Предыдущая страница:
http://www.proza.ru/2014/06/01/905

Светало, когда сытые, изнеможённые последним шагом, люди улеглись возле жарко горящих очагов. У черты своего круга Кин наткнулся на яйцо. Оболочка дрожала, как на Белом Острие.
«Что случилось? Что с тобой!»
Задохнулся родоначальник племени Синих Камней.
«Я боюсь, охотник!»
«Чего боишься?»
«Не знаю, как сказать! Она выросла».
«Кто?»
«Рука».
«Выросла, и что? Напала на тебя?»
 «Нет. Лежит и тихонько шевелится».
«А Майт?»
«Майт спит, просто спит. Боль видимо ушла».
«Чего бояться?»
«Подобного не бывает, охотник!»
«Говорящих яиц тоже не бывает. Эта же просто рука».
«Тебе всё просто! Чурка непробиваемая, вот ты кто!»
«Чурку легко пробить».
Кин в запарке не понял, что чурка - ругательство, отвечал на полном серьёзе.

\
У Тонкого Ручья жизнь течёт стременем. Красивое место, спокойные люди, стабильный промысел – всё позволяет много времени уделять общению, сравнивать себя с другими. Процветает рукоделие. Хозяйки друг перед другом из кожи лезут, ребятишкам лестно изощриться и переуметь взрослых. Даже мальчикам не кажется зазорным резать кость, плести из прутьев. Пойст изначально радовался, что взял жену именно оттуда, считал, избрание вождём не обошлось без помощи чудесной мастерицы. Кесс, дочь Сонни, в Эйи сразу стала популярной, потому что умела делать мебель. До неё спали прямо на подлоге, подстелив тройной войлок, защиту от змей,  или циновки. Деревья на склонах невысоки, стволы узловаты, изогнуты силой переменчивых ветров, а лозы хватает. Впрочем, искони топили кизяком, ведь хворост долго сохнет, быстро горит. По весне состоялось основание новой семьи. Соседки дивились. Женщина Пойста переустроила круг по-своему: сплела овальный столик, чтобы во время еды высвободить руки, а излишки бросать во вдвигаемый снизу поддон. Удивило умение делать качающиеся зыбки, сиденья со спинками, лежанки на крепких ногах. Бортики ограждали край, стойки по углам являлись опорами просторного полога, постель подогревалась снизу посредством больших камней, что исключало возгорания, часто случавшиеся при использовании жаровен. Привычка жить весело и красиво – половина удачи. В родительском доме Кесс считалась отзывчивой девочкой, везде видела работу, налету хватала знания, не пропуская случая помочь бессильному. Такое поведение имело множество очевидных выгод, Помимо обретения навыков, до срока вводило в круг взрослых, открывало возможность считаться желанной у детей. Приятно получать похвалы, осознавать себя состоявшейся личностью. Обиды катят мимо потому, что среди довольства смотрятся излишними. Если кто-то обходил в первенстве, благодарила за науку. Поступок позволял выглядеть умницей, приобрести в сопернике друга. Труд горел радостью. Несчастья, даже смерть, почти не задевали. В подобных случаях достаточно упереться изо всех сил, развить деятельность так, чтобы вздохнуть оказалось некогда, и боль уходит, Складывается впечатление победы над бедой. Единственное, что досаждало – тихие укоры матери.

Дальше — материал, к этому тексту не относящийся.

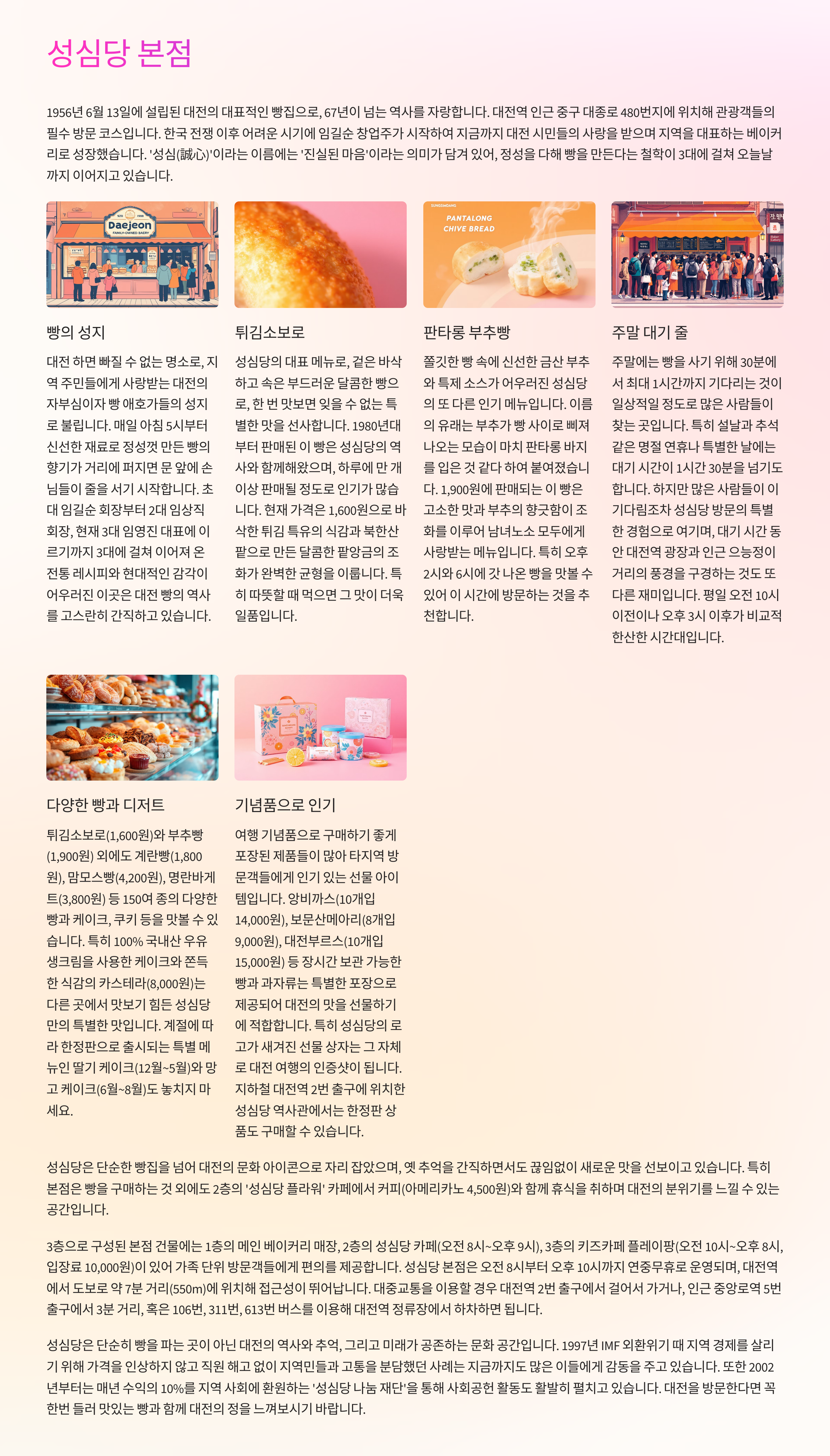 - 빵지순례 필수: 성심당 외에도 테미오래, 빵모양 등 인기 베이커리 많아요.

«Ты, - говорила Наит, - ненастоящая какая-то, живёшь, будто под вечным взглядом, даже с собой наедине боишься остаться».
Кесс тёрла замечания к носу, справедливо решив, что родственников не понять. Лентяя ругают, плаксу – тоже. Угодливым пользуются, невеждой огорчаются, злонравного сторонятся. Хорошо жить так, как хорошо тебе, считала Кесс и оставалась при своём, понимая, что мать рано или поздно уйдёт за грань замужней жизни, будет появляться в гостевые дни, с радости точить старческие слёзы над благополучными внуками. В Эйи даже укорять оказалось некому. Жена вождя первой являлась там, где трудно., нелицемерно сочувствовала ближним, делала важное, не требовала благодарности, но всегда получала. Кесс уважали, к ней прислушивались. Скупые слова встречали, как пророчества. Разумеется, женщины замечали неустойку в семейной жизни вождя и не старались удерживать язык на колкую тему, но Кесс отмахивала дерзость, говорила подруге:
«Родник неиссякаем. На мой век достаточно. А ты завидуешь, что не с тобой».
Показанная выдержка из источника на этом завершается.